Yes, if something became seriously wrong I would force myself to take medicine. I would get myself to a hospital if the need arose. But these convictions have only been a recent development, and the condition would need to be quite serious (a.k.a. detached limb). This is not a healthy view, I know. I’m working on it.
This doctor was a close friend of my mother. They went to Bible Study together. They were friends. Other than that test that “didn’t matter”, her diagnosis of me was based on my mother’s accounting of my behavior. There was no actual medical analysis involved in the whole affair, nor did anyone bother to explain things to me or ask how I felt, physically or emotionally. And of course, mother knows best.
While on medication, it was as if someone had erected a brick wall in my mind, keeping all the creative, imaginative parts of me blocked off, so I couldn’t access them. I could not think beyond the here and now, and even that seemed all blurry and dark. My head hurt sometimes, a few times I literally felt short of breath. I lost any faint sense of time that I possessed. Everything ran together in my mind and got confused and jumbled up. I had trouble focusing on the words on a page. It was terrifying.
The worst part was when I began to doubt my own sanity.

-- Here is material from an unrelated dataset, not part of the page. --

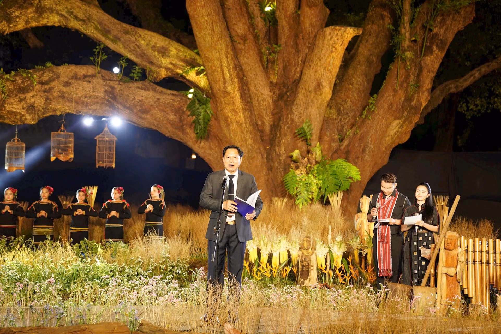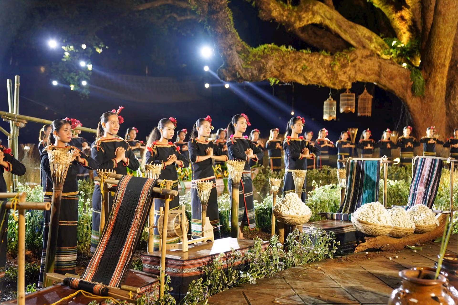 Chương trình diễn ra dưới tán cây Long Não cổ thụ trong khuôn viên Biệt Điện Bảo Đại, TP Buôn Ma Thuột. Trong không gian huyền ảo, đầy màu sắc và âm thanh, khán giả được thưởng thức chương trình nghệ thuật và trình diễn thời trang qua các bộ sưu tập thời trang áo dài kết hợp thổ cẩm các dân tộc như Ê Đê, Bana, Jarai…do nhà thiết kế Đặng Thị Minh Hạnh thực hiện. Chương trình được dàn dựng công phu, kết hợp tái hiện các nghề thủ công truyền thống như dệt thổ cẩm, đan lát, tạc tượng, làm gốm,…

Perhaps my mother was right? Perhaps I really did have ADD? Perhaps this WAS the way normal people felt? Well, if this was normal I didn’t want it. It hurt. Besides, I didn’t have ADD. I didn’t! Or did I? I spent many nights crying myself to sleep, sure that I was losing my mind. It is only now, after a professional diagnosis (utterly terrifying, by the way) that I can confidently say that I do not have ADD, nor did I have it as a younger child.
Even though I’ve chucked the bottle of caffeine pills my mother sent me for college, even though I’ve had someone properly assess me, even though I am learning about medical care in a whole new light, it is not over for me. I am safe, I tell myself, no one will ever force me to take pills again. But I was still misdiagnosed and improperly medicated.